On, the other hand, actually being a financial advisor is a pretty good way to make lots of money. All you really need is a friendly demeanor, an expensive suit, and a fancy watch – financial knowledge is optional.

8 months ago
Reply to  Ormode

My god, what a world you live in! My guess is you’ve had a bad experience (and I’m truly sorry if this is the case). However, many of the advisors whom I work alongside do not earn “lots of money” (many are solidly middle class ). Yes, a “friendly demeanor” is important (who wants to open up their lives to a person who doesn’t have likable personality?). However, a financial advisor without financial knowledge will not last long. (BTW, don’t be fooled by a person purely because they tout being a “fiduciary” or being a CFP who simultaneously slams commission-based or AUM fee based advisors. Being a fiduciary is no guarantee that someone is acting in your best interests and a CFP has their own axe to grind).

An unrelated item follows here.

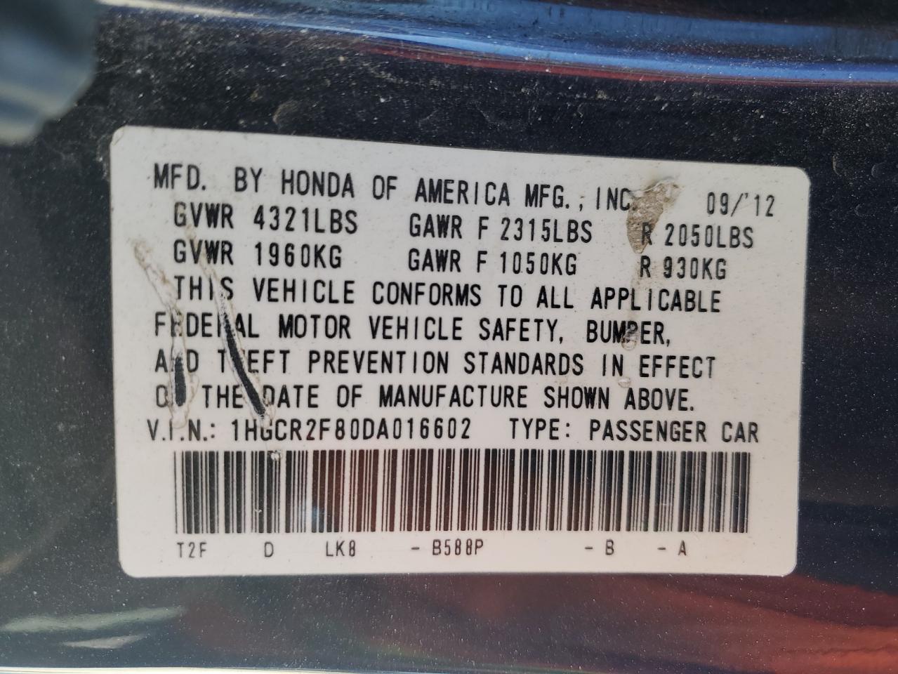 - ВИН: 1HGCR2F80DA******

Afinancial advisor who doesn’t prove their value to clients is easy to spot. The whole “expensive suit and fancy watch” view of the industry is reflective of someone who, I’m willing to bet, is A) over 50 years old and/or B) out of touch with the industry (and perhaps burned by an “expensive suit” years ago.). You’re going to find good advisors who don’t have either the suit or the watch. And you’re going to find awful advisors who “dress for success” but don’t deliver value. When hiring a financial advisor use your “Spidey-sense”, ask good questions (you can find those questions online) and go slowly. Someone who pressures you into making a decision is a red flag. Someone who is willing to walk away from your business because of a set of principles they articulate early is someone whom you ought to pay attention to.